[RECORDS Boundary: Start]

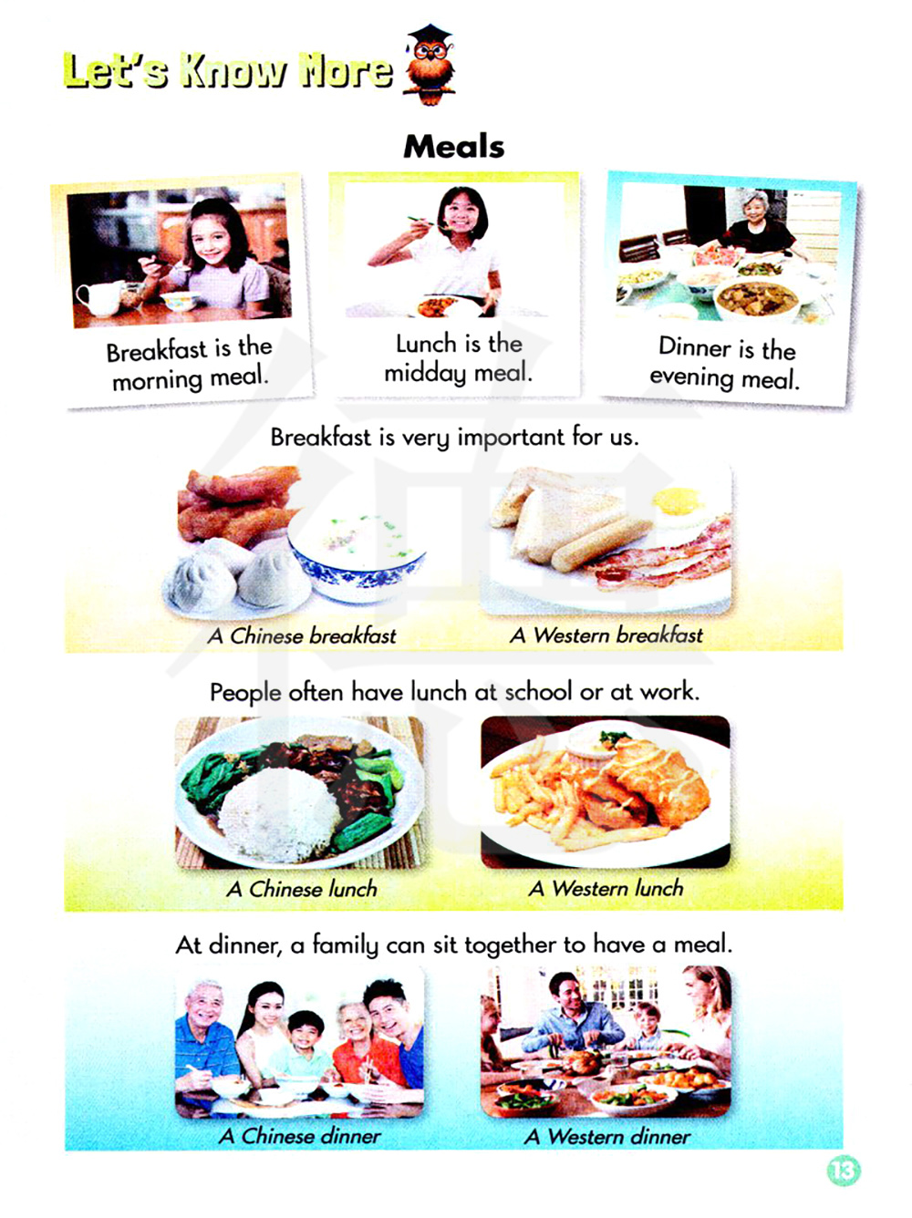 人们常常在学校或工作的附近吃午餐。 中式午餐 ,西式午餐
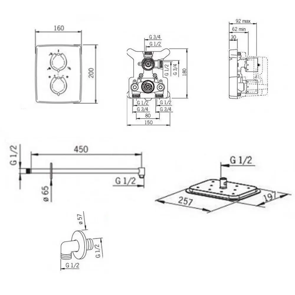Змішувач, Кронштейн для ручного душу, Лійка для ручного душу, Кронштейн для верхнього душу, Лійка для верхнього душу, Кріплення
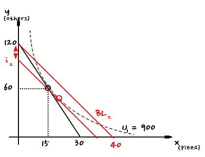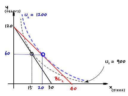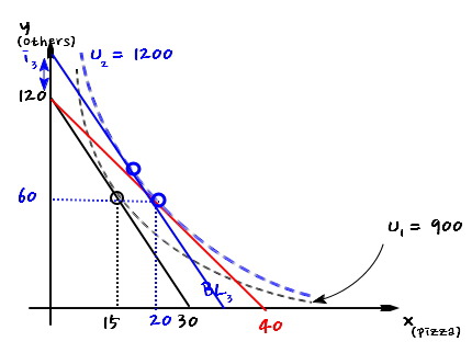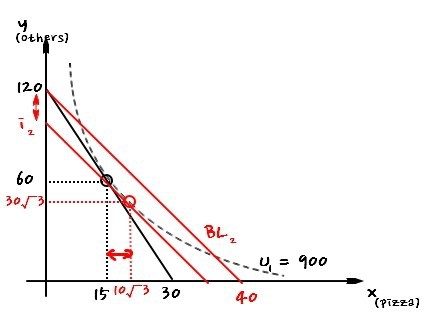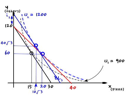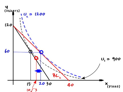 $$\Delta x = 10\sqrt{3} - 15$$and from there, the chunk that brought us up to $x = 20$ right now is exactly the income effect.
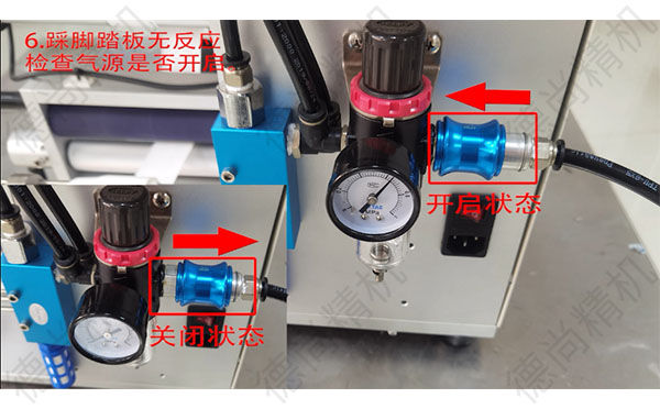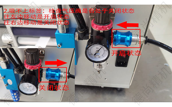 1.檢查氣壓閥是否處于關(guān)閉狀態(tài),往左邊移動(dòng)是開啟狀態(tài),往右邊移動(dòng)是關(guān)閉狀態(tài)。
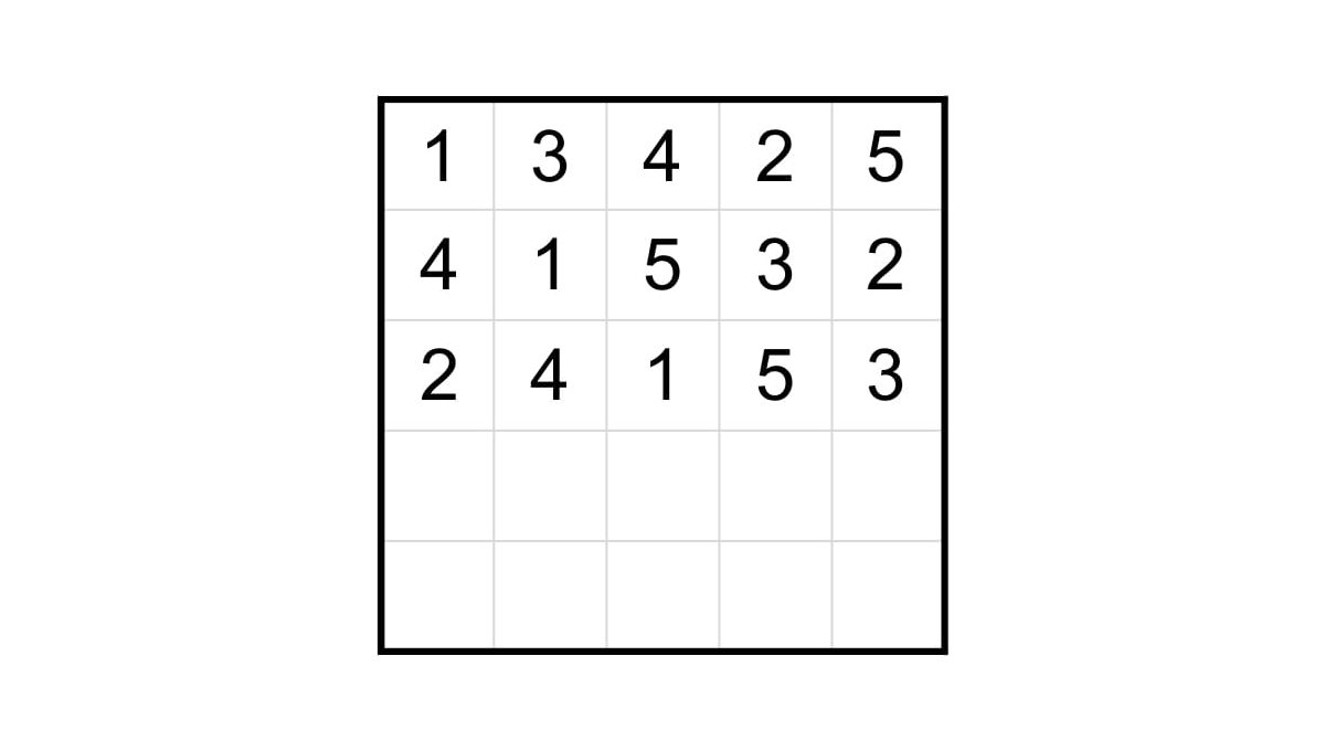 그렇다면 나머지 개의 행을 추가해서 라틴 방진을 만들 수 있을까요? 비록 직사각형이라는 정돈된 형태를 갖추고 있긴 하지만, 결국 개의 행은 아무렇게나 채운 것이기 때문에 왠지 라틴 방진을 완성하지 못하는 라틴 직사각형이 존재할 것 같습니다. 하지만 놀랍게도, 어떤 라틴 직사각형이 주어지든 항상 라틴 방진으로 확장하는 것이 가능합니다!
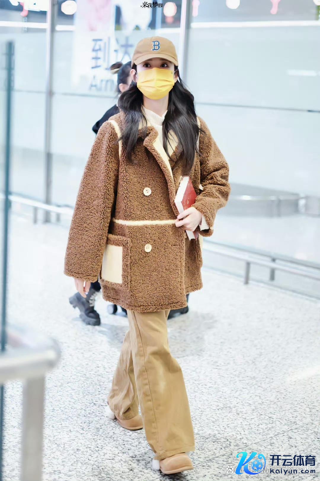张婧仪关于驼色系的青睐在这套棕色翻领外相一体外衣中得到了完好展现。内搭白色高领衫,下半身搭配卡其色直筒裤,举座色融合谐而温暖。脚踩棕色毛毛遮拦拖鞋,头戴卡其色棒球帽,既温暖又帅气,展现了张婧仪多变的前卫气魄。

[RECORDS Boundary: End]

◆ **ASSIGNMENT**
Pictures are not part of the copy. Restate everything else in the listing word for word.

◆ **RESULT**
 人们常常在学校或工作的附近吃午餐。 中式午餐 ,西式午餐
Змішувач, Кронштейн для ручного душу, Лійка для ручного душу, Кронштейн для верхнього душу, Лійка для верхнього душу, Кріплення
 $$\Delta x = 10\sqrt{3} - 15$$and from there, the chunk that brought us up to $x = 20$ right now is exactly the income effect.
 1.檢查氣壓閥是否處于關(guān)閉狀態(tài),往左邊移動(dòng)是開啟狀態(tài),往右邊移動(dòng)是關(guān)閉狀態(tài)。
 그렇다면 나머지 개의 행을 추가해서 라틴 방진을 만들 수 있을까요? 비록 직사각형이라는 정돈된 형태를 갖추고 있긴 하지만, 결국 개의 행은 아무렇게나 채운 것이기 때문에 왠지 라틴 방진을 완성하지 못하는 라틴 직사각형이 존재할 것 같습니다. 하지만 놀랍게도, 어떤 라틴 직사각형이 주어지든 항상 라틴 방진으로 확장하는 것이 가능합니다!
张婧仪关于驼色系的青睐在这套棕色翻领外相一体外衣中得到了完好展现。内搭白色高领衫,下半身搭配卡其色直筒裤,举座色融合谐而温暖。脚踩棕色毛毛遮拦拖鞋,头戴卡其色棒球帽,既温暖又帅气,展现了张婧仪多变的前卫气魄。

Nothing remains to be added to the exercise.